In the UK there are three different parts of the complete system: generation, transmission and distribution, and supply (sales) to customers.

There are many companies that generate electricity, varying in size from national (and even international) companies down to small organizations that operate a few wind turbines at one location.

There are two parts to the transmission and distribution system. The "National grid" is a single system for long-distance transmission between large generating plants, operating at high voltages. This feeds local "distribution" networks operating at lower voltages and eventually connecting to individual customers (i.e. houses and factories).

Electricity supply companies buy power from the generating companies, pay the transmission and distribution companies to transport it, and sell it to individual customers.

Usually, domestic customers are only connected to one distribution network and have one electricity meter. If a customer wants to change supplier (e.g. to get a better price) nothing is changed physically. The customer's meter readings are used by the new supplier instead of the old one. The supply company knows the total amount of electricity it is selling (using the meter readings) and buys that quantity from the generator companies. The buying price changes continuously depending on supply and demand, but the supplier company sets its own price to sell to customers.
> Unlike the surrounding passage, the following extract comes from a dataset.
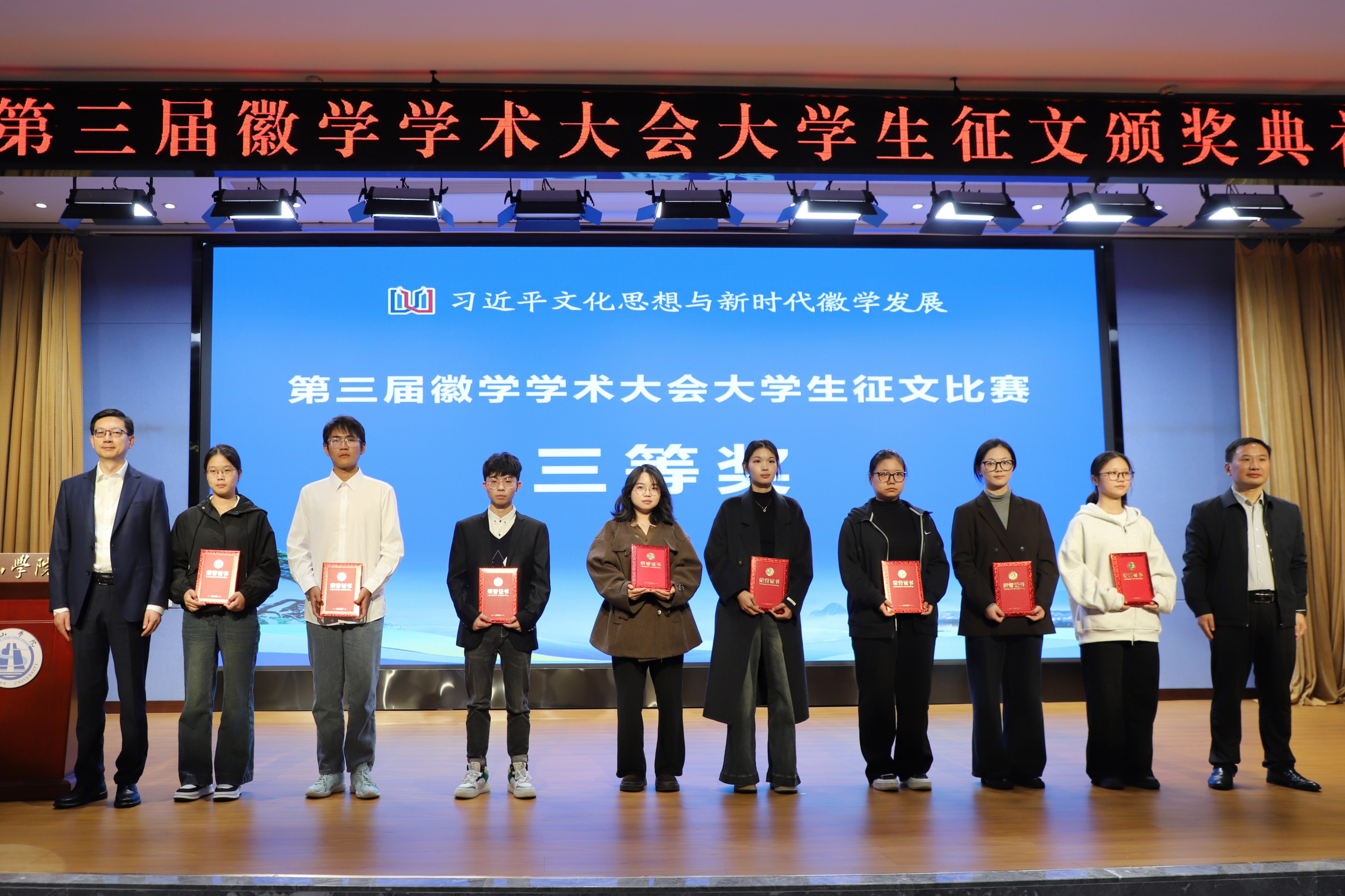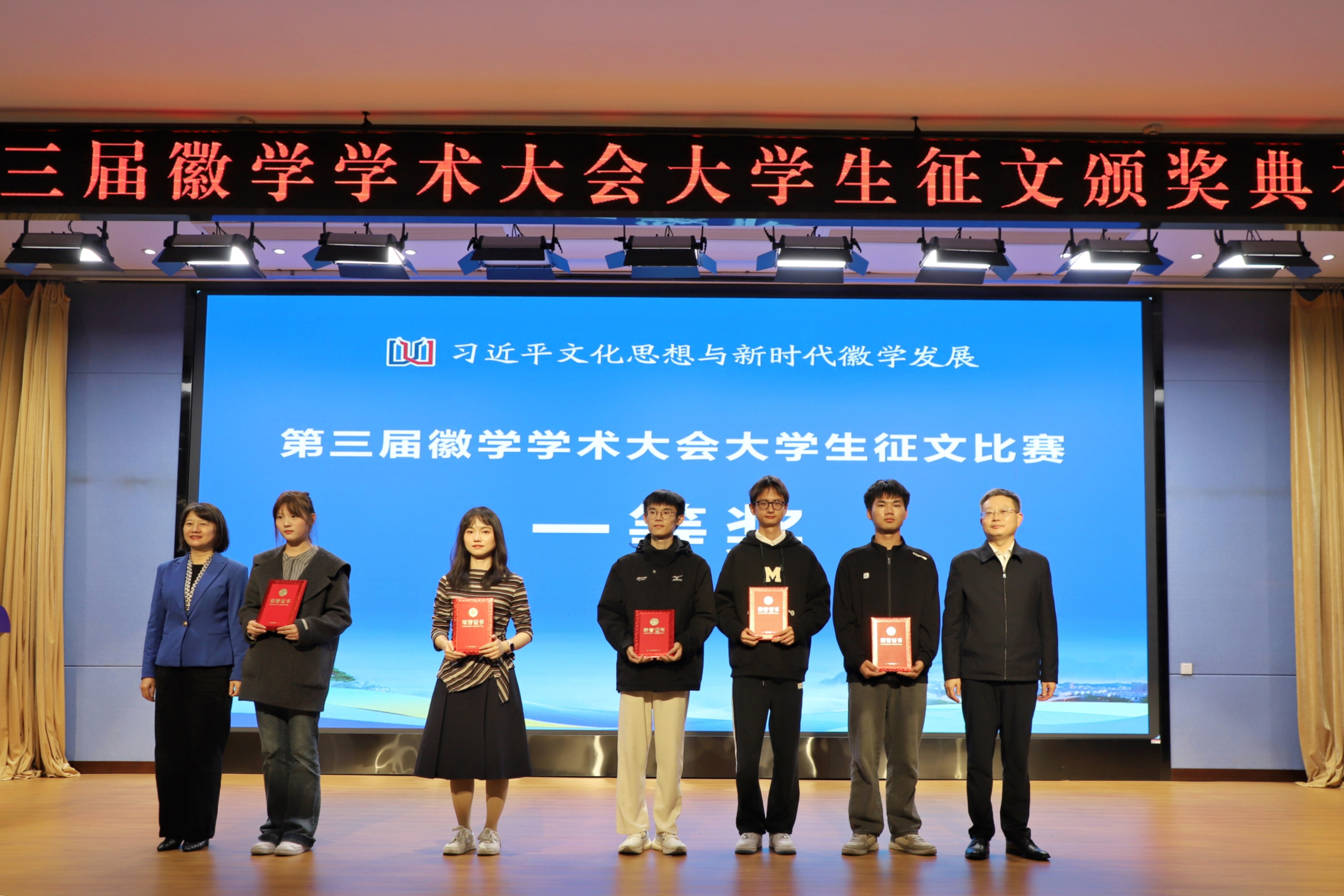 11月8日上午,第三届徽学学术大会“我眼中的徽州与徽州文化”大学生征文颁奖典礼在Beat365文博楼二楼报告厅举行。校党委副书记刘力,党委委员、副院长张小明,黄山市人民政府副市长江卓琪,省社科联秘书长韩修良,黄山市社科联党组书记、主席汪明洁,安徽大学徽学研究中心总支书记张鑫出席典礼。获奖学生代表、Beat365中文官方网站师生代表参加典礼。典礼由张小明主持。

Some large (national) companies may operate both as both generation companies and supply companies but the two functions are logically separate.

Note, the UK supply network does not actually end at the borders of the UK - for example there are links to France, Belgium, and the Netherlands which can operate in either direction depending on supply and demand. On average, around 5% of the electricity used in the UK is actually generated in Europe.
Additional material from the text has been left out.